4. President Obama’s proposed budget provides a $250 million boost for special education, bringing federal grants to the states to a total amount of $11,755 billion (disabilityscoop.com/2010/02/01/…/6810/.) This will likely be modified before it goes into effect. Where is the transparency of that money? I’ve asked New Jersey for an accounting of its early intervention money and did not even get an answer. (Arne Duncan, look for my letter about this.) Money, money everywhere, and not a drop to drink.

In the middle of corporations now viewed as people, and special education existing in name only, what is a family to do? Accurate information has dried up as never before. Money, of course, controls that, too. Parents are doing everything they are told to do- include the child in regular education, agree to the recommended methodology and program. And often the child gets worse. Then what do they do? Here is a true story.

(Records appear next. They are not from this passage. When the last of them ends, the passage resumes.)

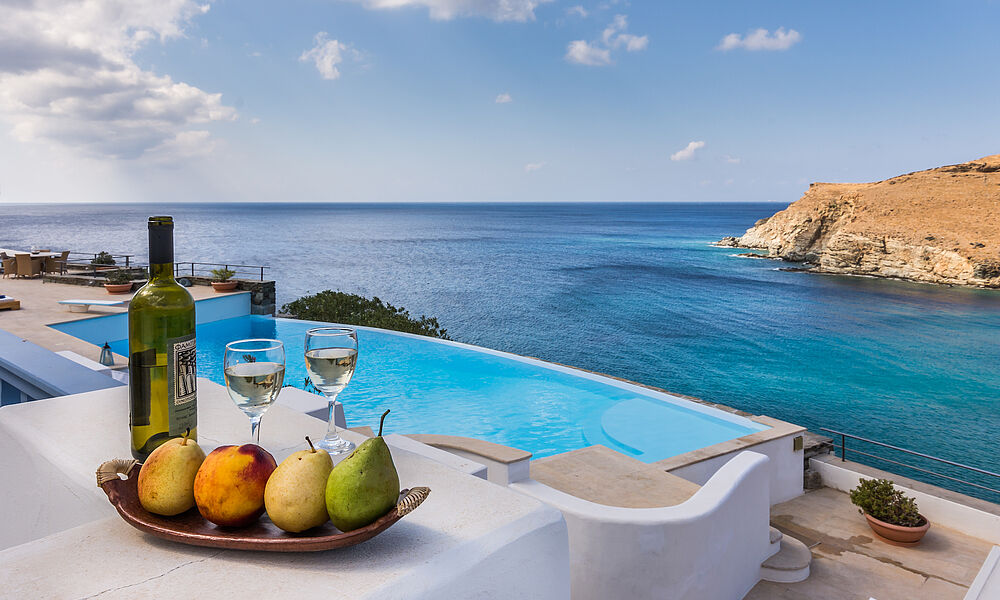 Klein ist die Insel tatsächlich, ganze acht mal 16 Kilometer in der Fläche. Sie wird von 25.000 Seelen bewohnt und verfügt über ein eher bescheidenes Netz von engkurvigen Straßen, manche aus Schotter. Die junge Griechin ist Inhaberin des B&B-Hotels Pino di Loto. Der Name ist ihrem Großvater gewidmet. „Im Schatten der Pinie genoss er den Nachmittag“. Der knorrige Nadelbaum steht noch, umzingelt von Steinbecken. Zu Opas Zeiten wurde darin Wein getreten, wie Terezdina erklärt. Die Hotelanlage mit sechs Suiten, zwei davon mit Mini-Pool, schichtet sich auf drei Terrassen über dem Fischerdorf Kini. Ein Träumchen in Schneeweiß, ausgestattet mit Naturmaterialien des griechischen Produzenten Coco-Mat. Die schmale Straße hinunter zu den beiden Sandstränden eignet sich nicht unbedingt für kaputte Knie. Doch der Blick in zauberhafte Gärten lenkt vom Schmerz ab. Darin reifen Granatäpfel und Trauben, Oliven und Zitrusfrüchte. Bougainvilleas setzen dicke Farbtupfer.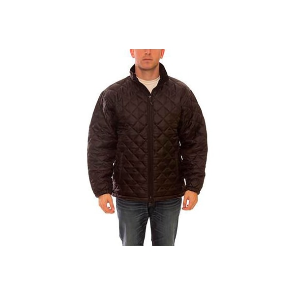 The black quilted jacket can be worn year round for all season comfort. Black 210t polyester. 180g quilted insulation provides warmth and comfort. Overhead shoulder design for complete freedom of movement. Storm fly front with zipper front closure seals out wind. Front hand warmer pockets with zipper closure. Adjustable elastic draw cord at waist for easy adjustment. Dark color helps conceal dirt. Attachment points for use asliner in sync jacket system. Product ships on hangers.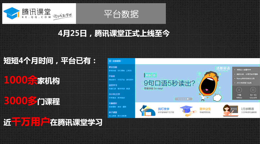 2. 產(chǎn)品發(fā)展非常迅速,上線4個月以來,已有1000余家機構(gòu)入駐,上線3000多門課程,近千萬用戶在騰訊課堂學(xué)習(xí),在線教育服務(wù)已初具雛形。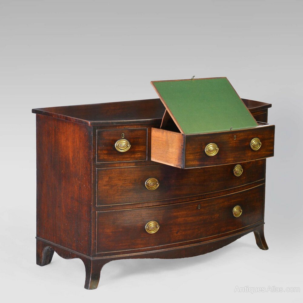 The low height by design so that the writing slide is an accessible height when seated, a variation on both the bachelor's chest and the secretaire. Of elegant bowfront form, the mahogany exhibiting a rich colour and patination.
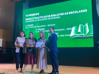 De este modo, el IES Carlos III de Aguadulce ha recibido el primer premio, dotado con cinco mil euros y trofeo, por haber expandido su biblioteca al espacio virtual y por crear los Bibliomakers, un concepto que integra materias, departamentos, espacios, planes y programas, centros de la localidad y formación del profesorado como recurso acelerador de la innovación en el centro.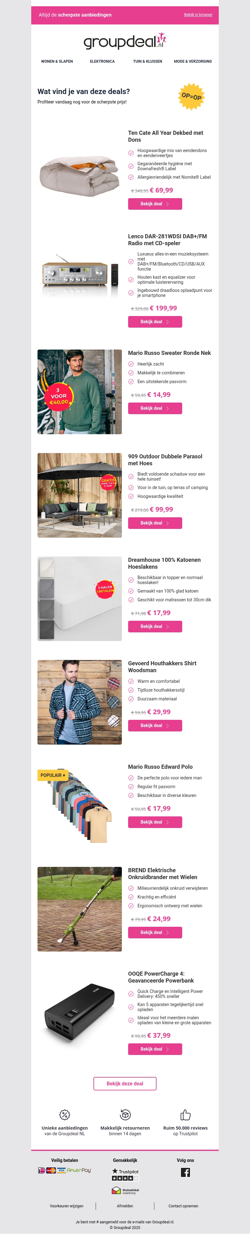 Beleef de beste aanbiedingen met Groupdeal! Vanaf nu profiteer je van topkwaliteit dekbedden, stijlvolle kleding en handige elektronica tegen ongekende prijzen. Mis de hoge kortingen niet op diverse producten zoals de Mario Russo sweater, een geavanceerde powerbank en nog veel meer. Bekijk nu onze aantrekkelijke deals en shop jouw favorieten! Wees er snel bij, want op is op!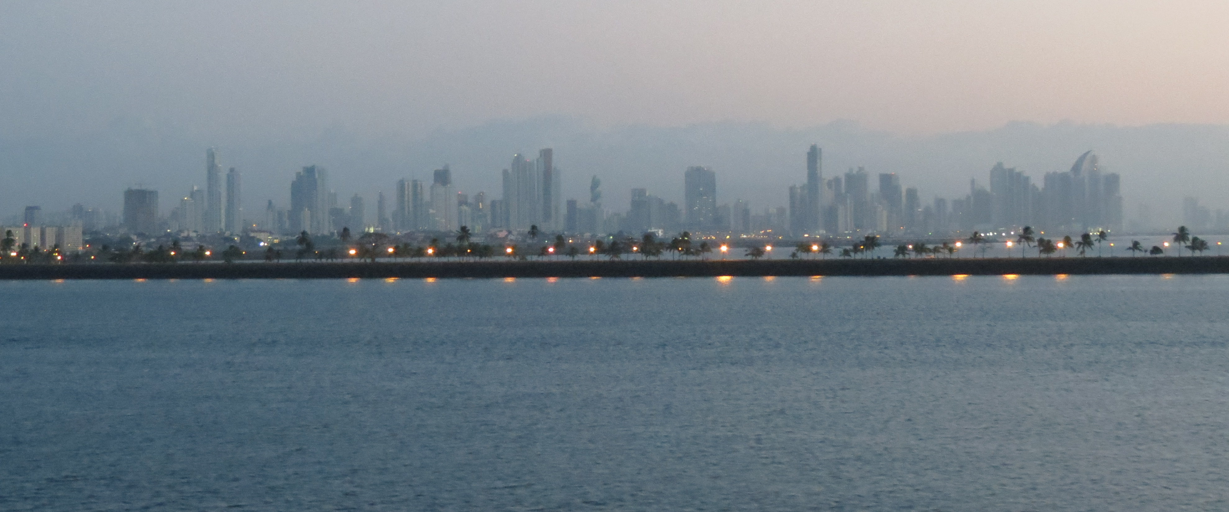 We entered the first locks at Panama City. (seen in the background)
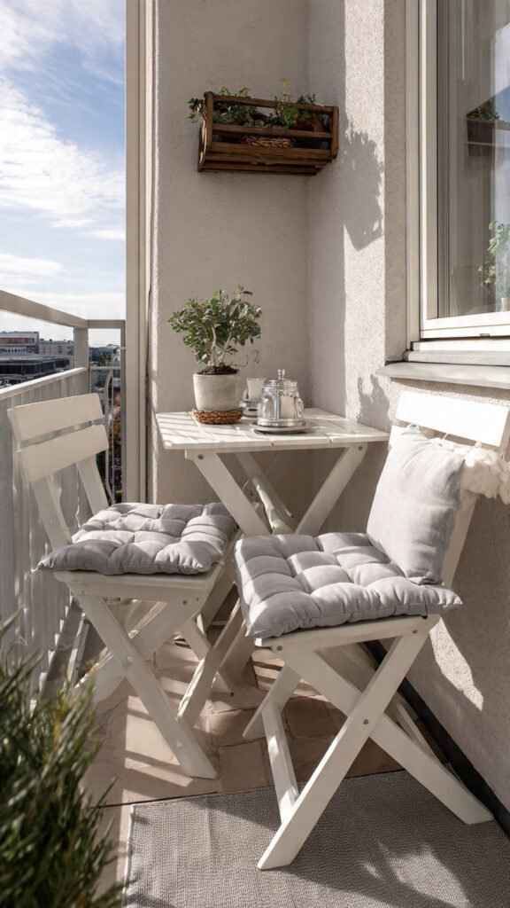 Foldable chairs save space and add function. I love how they can be pulled out only when needed. Add a cushion and they’re kid-approved. The balcony stays open. Doesn’t flexibility make life easier? This one’s practical and easy.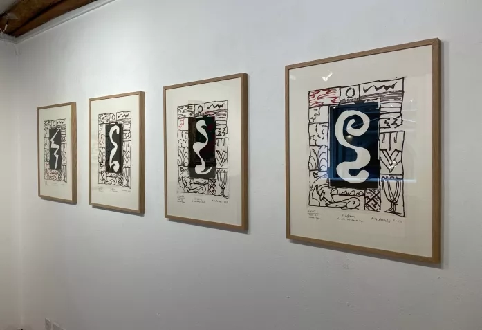 Работы, представленные в женевской галерее Galerie Sonia Zannettacci, относятся к относительно недавнему периоду творчества Пьера Алешинского, с 2003 по 2021 годы, живопись, литография. Внимание посетителя прежде всего приковывает серия изображений, напоминающих буквы какого-то экзотического алфавита.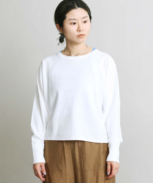 空気によって繊維に撚りをかけた糸を使用。糸の外側に強い撚りがかかっていますが、内側には撚りがかかっていないので、糸に膨らみがあり、着心地はさらりと心地よい仕上がり。その糸を使ってインレイを編みたてました。適度な肉感で、春先、秋、冬のインナーにと長く愛用できます。シロ /アッシュパープル/ クラウド / レモン の柔らかなカラフルカラーパレット。程よくリラックス感のあるコンパクトなプルオーバー。ボリュームのあるパンツにも合わせやすい。製品硫化染めで染め上げ、ヴィンテージムード漂うアイテムに仕上げました。春先に何着ようと迷ったらすぐに手が出る、デイリーアイテム。同シリーズでチュニック【2201CT010211】もあります。洗濯:手洗い可※画像はサンプルです。実際の商品と仕様・加工・サイズなどが若干異なる場合がございます。※撮影画像は、光の当たり具合やモニターの環境により色味が違って見える場合があります。あらかじめご了承ください。※取り扱いの注意については取り扱い表示をよくご確認の上、着用をお願いいたします。
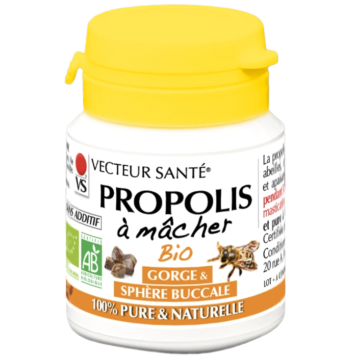 Découvrez la propolis à mâcher de Vecteur Santé®, un complément alimentaire 100% pur et biologique, conçu pour profiter des vertus exceptionnelles de ce trésor de la ruche.

I work with a family having an autistic son. The mother is a teacher in an urban school district where her son is also enrolled. She “believes” in Inclusion because her son has potential and she has been told he has the right to be with nondisabled children. He has a 1-1 aide. He received a method called ABA in the general education classroom. He has become violent, biting and punching his aide, and completely disintegrating in his classroom. His evaluations make it clear that he needs something quite different than ABA, but the parent never understood this. Suddenly, the school wants to remove him from the class and put him someplace else. No discussion of developing an IEP. No discussion that the special education he receives in no way matches a list of his needs found in his evaluations. The child is being blamed for not achieving success- this beaming boy with twinkling eyes and a laugh that rolls up from his belly like a tiny Santa Claus. But, too bad for him! He bleeds and he hurts. He cries and asks to go on the swing to feel better. He is not a corporation and cannot control anything by buying votes and candidates. When will this terrible, inexcusable mess get better?